Reinforcement Learning is a specific learning approach in the Machine Learning field and aims to solve problems which involve sequential decision making. Therefore, when a decision made in a system affects the future decisions and eventually its outcome, the aim is to learn the optimal sequence of decisions with reinforcement learning.

                      Machine Learning
                             |
        ---------------------|---------------------
       |                     |                     |
   Supervised           Unsupervised           Reinforcement
   (Task driven,        (Data driven,          (Learning to act
   Regression or        Clustering)            in environment)
   Classification)

In reinforcement learning there is no supervision and instead an agent learns by maximising rewards.
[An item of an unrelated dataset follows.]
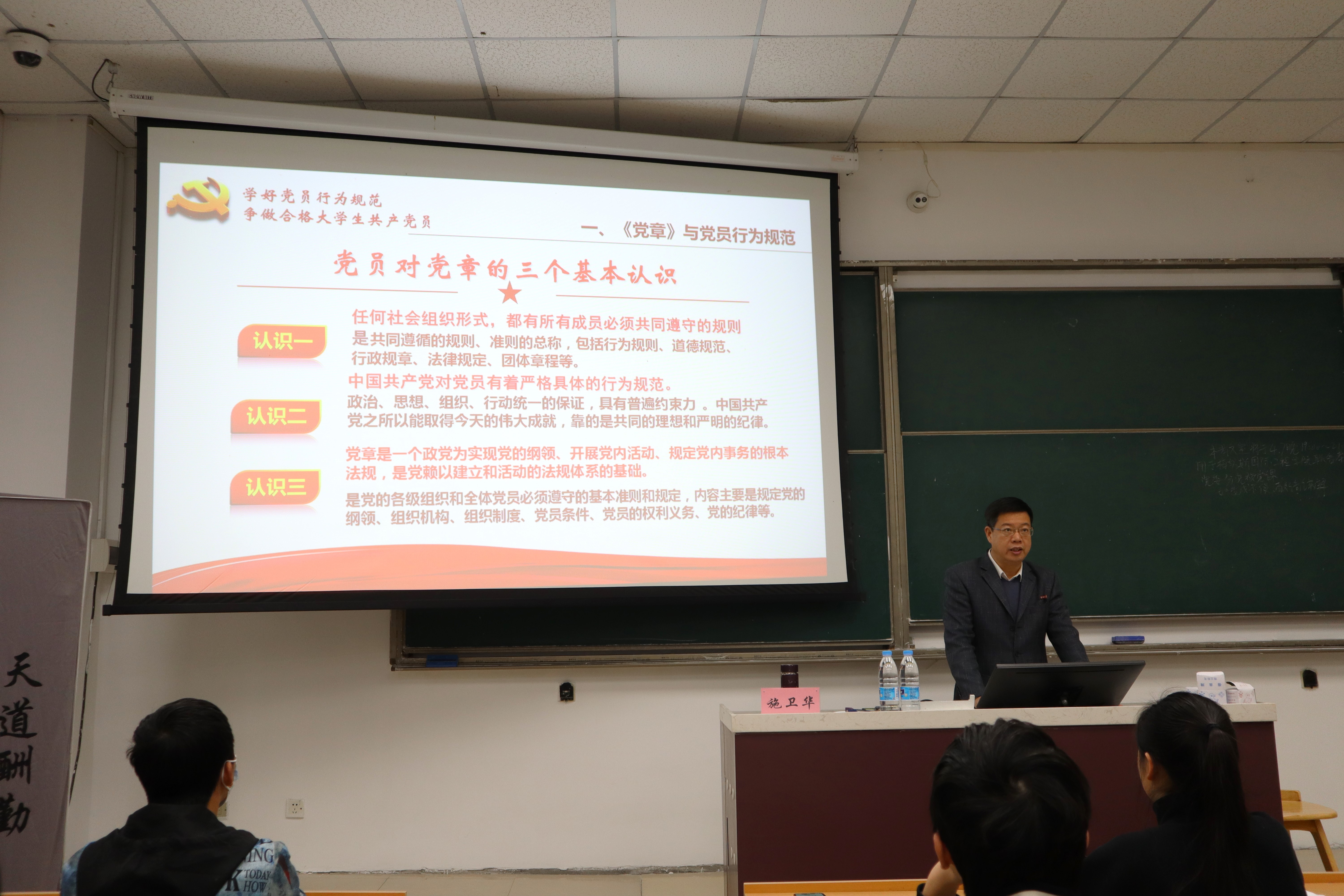 施卫华老师首先立足党的二十大,强调了坚持制度治党、依规治党,以党章为根本,以民主集中制为核心,完善党内法规制度体系的重要意义。施老师殷切寄语学员们要自觉学习党章、遵守党章、贯彻党章、维护党章,为全面建设社会主义现代化国家、全面推进中华民族伟大复兴而团结奋斗!

The feedback retrieved while proceeding a task with a sequence of actions might be delayed over several time steps and hence the agent might spend some time exploring until it finally reaches the goal and can updates its strategy accordingly.

This process can be regarded as end-to-end learning, and is unlike other machine learning paradigms. In supervised learning techniques, for example, the algorithm learns by presenting a specific situation provided with the right action to do. From there, the algorithm tries to generalise the model. In addition, in reinforcement learning problems, the data is not independent and identically distributed (I.I.D). The agent might in fact, while exploring, miss out on some important parts to learn the optimal behaviour. Hence, time is crucial as the agent must explore as many parts of the environment to be able to take the appropriate actions. [3]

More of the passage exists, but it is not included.